WORKING DATA:
▬▬▬▬▬▬▬▬▬▬

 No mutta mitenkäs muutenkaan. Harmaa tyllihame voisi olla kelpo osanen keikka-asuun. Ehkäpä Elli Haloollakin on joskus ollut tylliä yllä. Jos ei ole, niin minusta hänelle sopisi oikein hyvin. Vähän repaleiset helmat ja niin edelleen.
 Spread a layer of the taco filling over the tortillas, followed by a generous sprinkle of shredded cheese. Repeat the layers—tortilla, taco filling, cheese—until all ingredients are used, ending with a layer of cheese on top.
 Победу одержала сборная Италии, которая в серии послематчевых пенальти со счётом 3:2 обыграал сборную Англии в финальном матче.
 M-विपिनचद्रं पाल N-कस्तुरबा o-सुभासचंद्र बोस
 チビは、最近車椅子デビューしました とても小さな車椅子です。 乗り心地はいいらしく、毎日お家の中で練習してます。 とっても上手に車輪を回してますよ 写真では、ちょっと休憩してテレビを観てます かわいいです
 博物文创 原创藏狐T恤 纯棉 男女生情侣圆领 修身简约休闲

▬▬▬▬▬▬▬▬▬▬

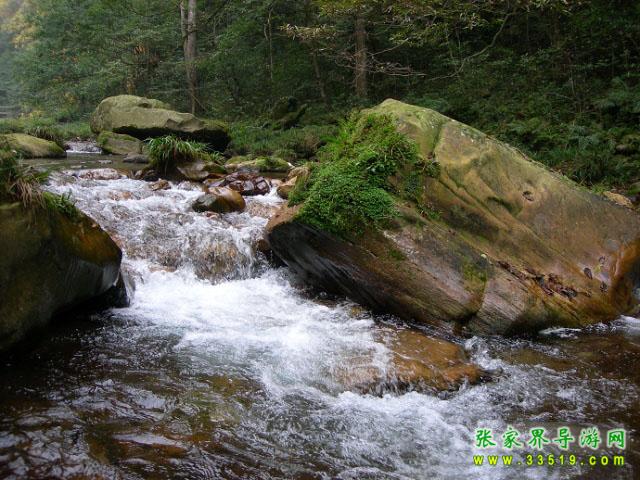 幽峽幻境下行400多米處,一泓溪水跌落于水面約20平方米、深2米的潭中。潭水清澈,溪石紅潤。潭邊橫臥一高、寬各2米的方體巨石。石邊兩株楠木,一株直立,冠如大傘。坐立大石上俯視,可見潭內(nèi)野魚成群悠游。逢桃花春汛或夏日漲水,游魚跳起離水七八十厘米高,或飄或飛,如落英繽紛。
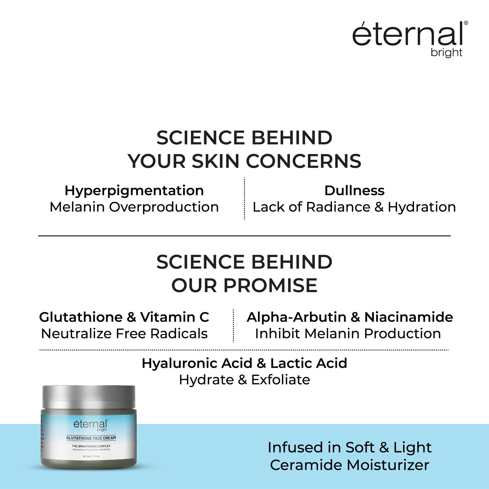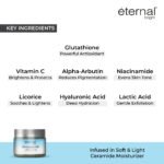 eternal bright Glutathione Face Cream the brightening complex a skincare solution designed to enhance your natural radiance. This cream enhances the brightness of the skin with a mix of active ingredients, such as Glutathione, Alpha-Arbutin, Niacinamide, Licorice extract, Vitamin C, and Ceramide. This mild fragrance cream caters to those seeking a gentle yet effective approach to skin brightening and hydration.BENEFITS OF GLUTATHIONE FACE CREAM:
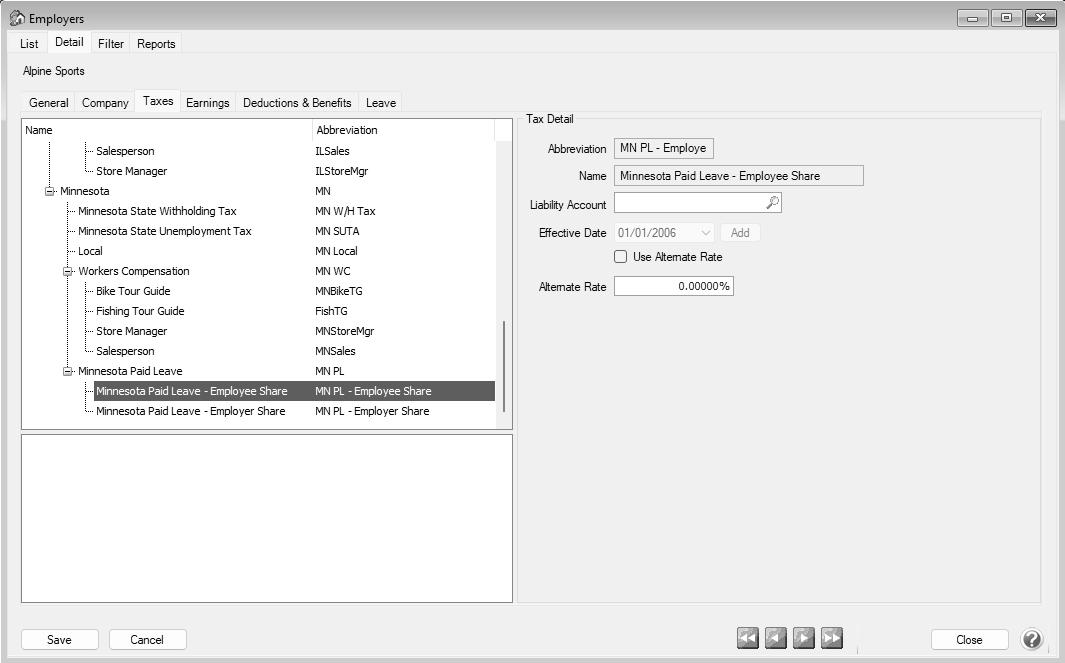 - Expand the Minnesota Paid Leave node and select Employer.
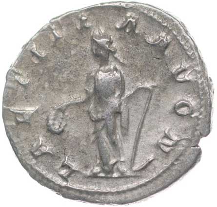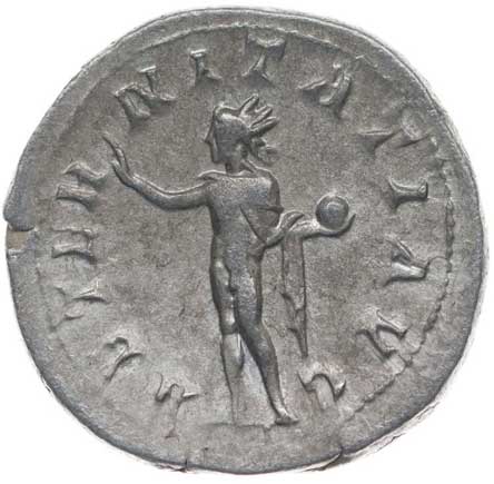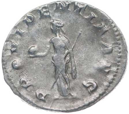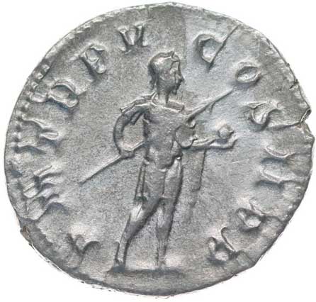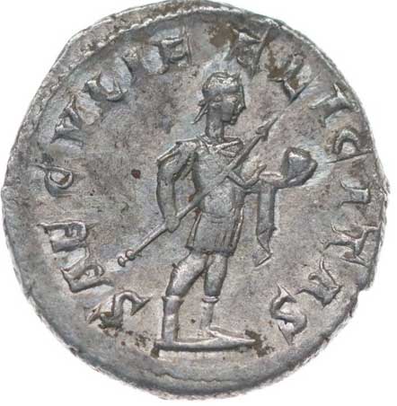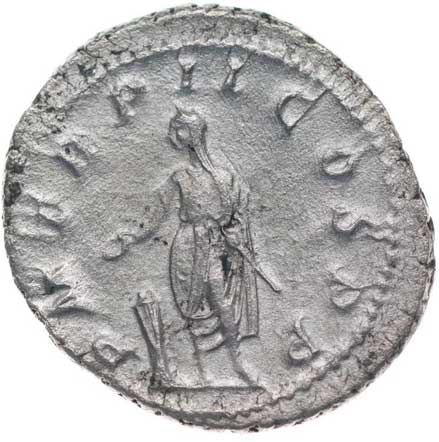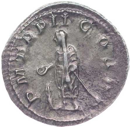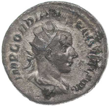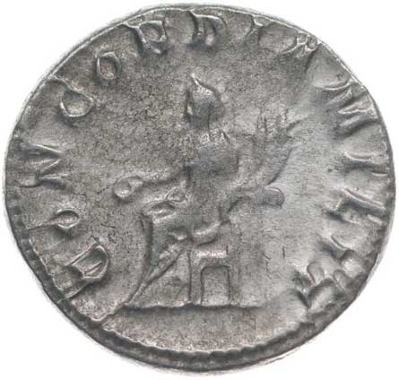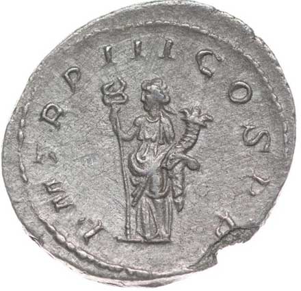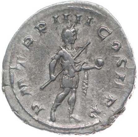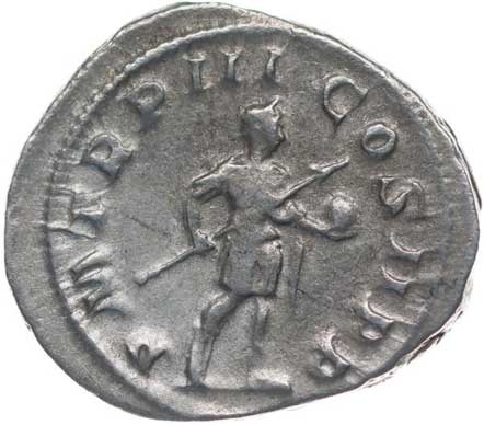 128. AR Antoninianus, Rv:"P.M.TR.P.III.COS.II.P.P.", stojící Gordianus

▬▬▬▬▬▬▬▬▬▬

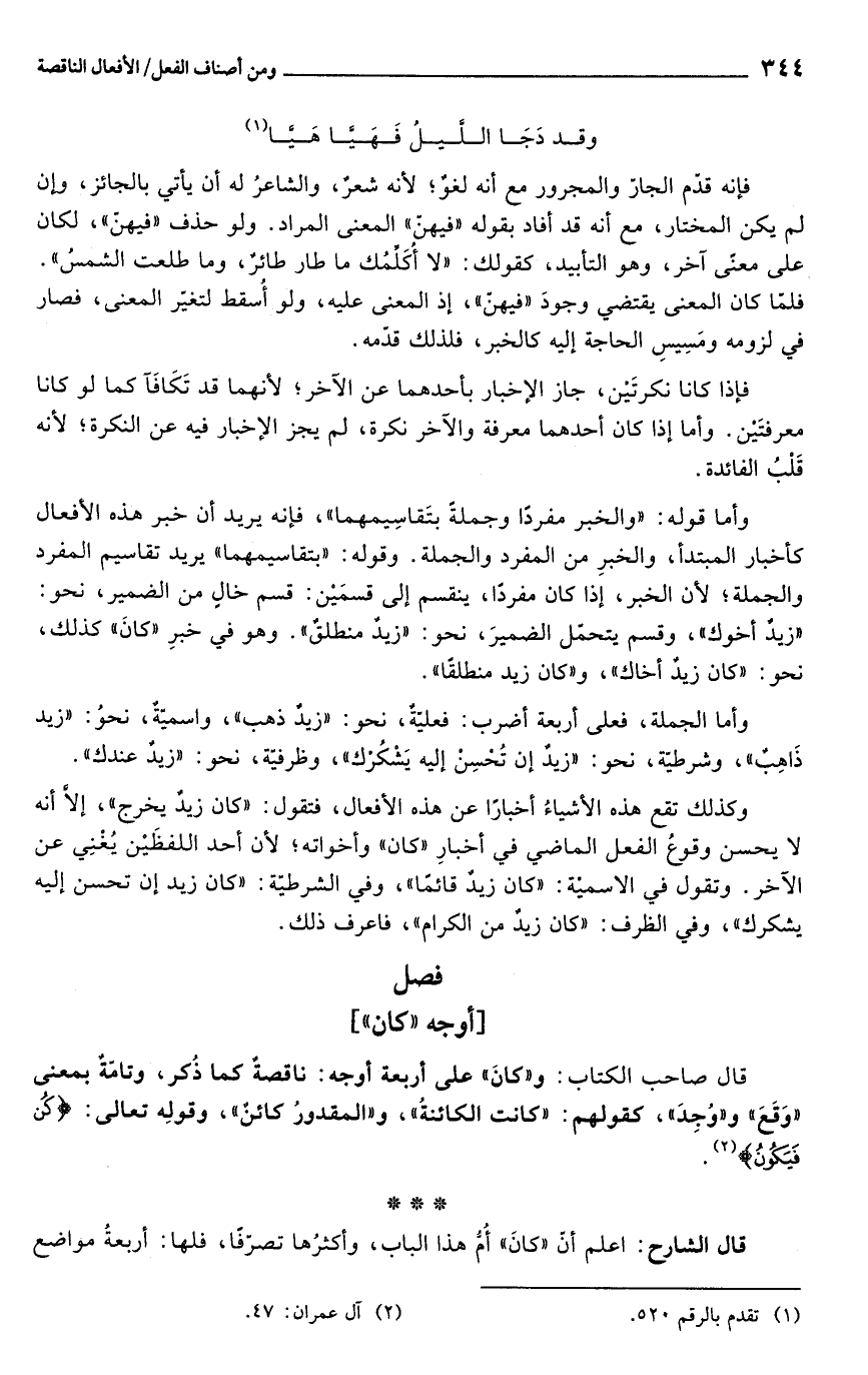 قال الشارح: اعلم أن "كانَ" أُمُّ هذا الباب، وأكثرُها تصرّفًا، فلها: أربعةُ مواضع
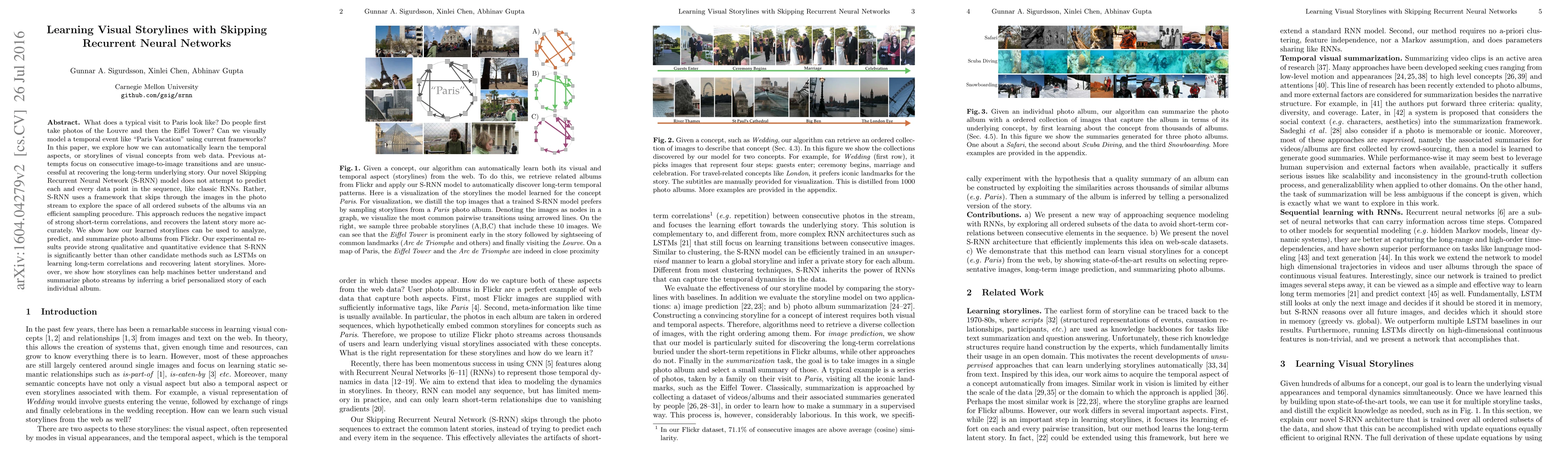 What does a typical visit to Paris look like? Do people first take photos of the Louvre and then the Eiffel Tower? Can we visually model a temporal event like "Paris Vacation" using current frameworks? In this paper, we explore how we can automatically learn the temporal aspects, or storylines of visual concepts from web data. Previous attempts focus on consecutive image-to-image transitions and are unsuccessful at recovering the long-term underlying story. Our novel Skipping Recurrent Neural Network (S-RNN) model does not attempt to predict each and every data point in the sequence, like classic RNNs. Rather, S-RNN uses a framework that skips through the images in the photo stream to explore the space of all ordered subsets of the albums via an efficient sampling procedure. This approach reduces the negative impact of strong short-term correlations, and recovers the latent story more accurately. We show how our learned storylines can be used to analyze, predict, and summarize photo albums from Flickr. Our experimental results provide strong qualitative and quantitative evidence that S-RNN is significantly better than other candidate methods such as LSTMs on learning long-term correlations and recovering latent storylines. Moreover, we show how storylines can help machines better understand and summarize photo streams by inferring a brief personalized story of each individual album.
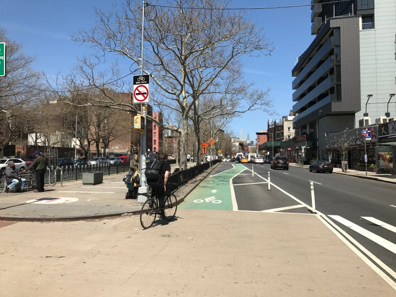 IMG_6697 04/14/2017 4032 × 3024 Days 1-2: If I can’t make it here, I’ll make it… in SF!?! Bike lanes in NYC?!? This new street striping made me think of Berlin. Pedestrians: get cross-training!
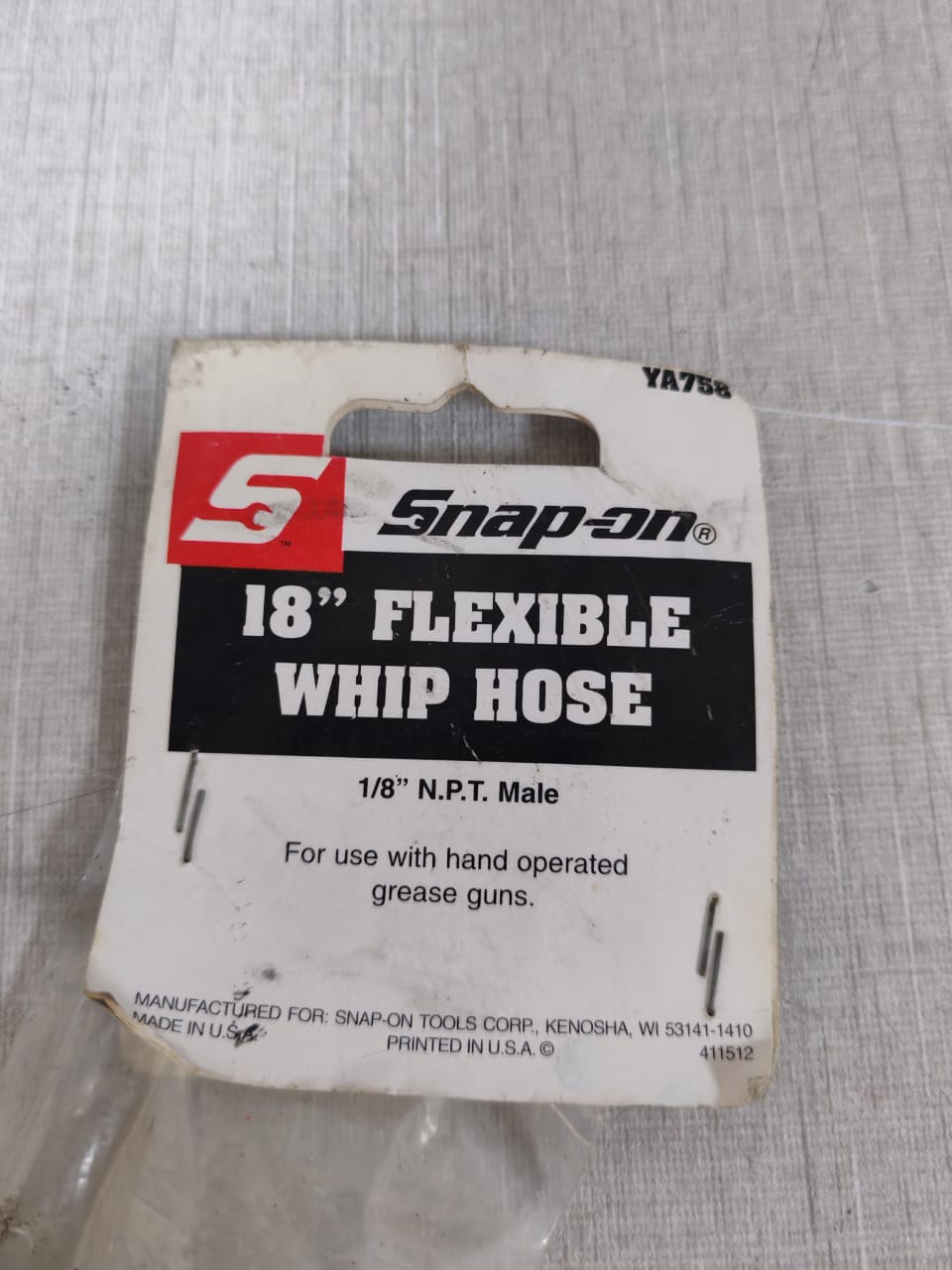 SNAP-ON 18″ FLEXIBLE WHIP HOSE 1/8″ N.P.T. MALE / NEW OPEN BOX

▬▬▬▬▬▬▬▬▬▬

YOUR INSTRUCTIONS: From the records above, copy only the lines starting with the line that holds "チビは、最近車椅子デビューしました とても小さな車椅子です。 乗り心地はいいらしく、毎日お家の中で練習してます。" and going on through the line that holds "博物文创 原创藏狐T恤 纯棉 男女生情侣圆领 修身简约休闲", exactly as written.

EXPECTED ANSWER:
 チビは、最近車椅子デビューしました とても小さな車椅子です。 乗り心地はいいらしく、毎日お家の中で練習してます。 とっても上手に車輪を回してますよ 写真では、ちょっと休憩してテレビを観てます かわいいです
 博物文创 原创藏狐T恤 纯棉 男女生情侣圆领 修身简约休闲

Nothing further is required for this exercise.